The Ultimate History Project calls itself  "a forum for academically trained historians to work alongside avid genealogists, independent historians, and collectors, enabling them all to collaborate and learn from one another." Clearly it grows in part from the increasing numbers of unemployed and underemployed historians.

The site is a partial-pay site, set up so that new articles are free for a time, then go behind a pay wall -- so if you keep up you can read it for free. Among my favorites in the current crop are

* an interview with National Park Service chief historian Robert Sutton about the history of Civil War anniversaries (Congress created a national Centennial Commission in 1961; no such animal today);

* a quick history of cheerleading by Allison E. Wright (women weren't allowed); and 

* a perfectly Midwestern account of ornate buildings decorated with corn murals by Kelly J. Sisson Lessens
("The goal for those who led the Corn Palace craze was to advertize their city as the next Chicago"). 

The articles are accessible, short enough to be easily read on screen, and well illustrated. They're thoughtful, but contain no reference notes (which apparently may be available on request).

I haven't seen any recognizably genealogical posts...yet. Will yours be the first?

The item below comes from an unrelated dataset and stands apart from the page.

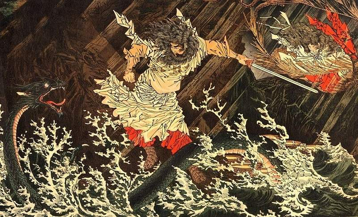 须佐之男到高天原去拜访他的姐姐太阳女神天照,但天照误以为须佐之男是来跟自己争夺神界统治权的。误会虽然很快澄清了,须佐之男心里却留下了疙瘩。于是他故意在高天原四处调皮捣蛋。有一回,稚日女尊在织布时,须佐之男偷偷爬上屋顶,将一匹剥了皮的马扔了下来。稚日女尊受到惊吓,不慎被梭子刺中了阴部而死。天照女神得知后,气得躲进了山洞里,整个世界顿时陷入了黑暗。

{P. S. Next day: forgot to include a hat tip to AHA Today's "What We're Reading."}

"Remembering the Civil War: An Interview with Robert K. Sutton, PhD," The Ultimate History Project (http://www.ultimatehistoryproject.com/civil-war.html : accessed 15 July 2012).

Allison E. Wright, "Games People Played: The Elite, Masculine Origins of Cheerleading in America," The Ultimate History Project (http://www.ultimatehistoryproject.com/games-people-play-may.html : accessed 15 July 2012). 

Kelly J. Sisson Lessens, "Thoroughly Corned: Sioux City and the Making of the Nation's First Corn Palaces," The Ultimate History Project (http://www.ultimatehistoryproject.com/taste-of-history-may.html : accessed 15 July 2012).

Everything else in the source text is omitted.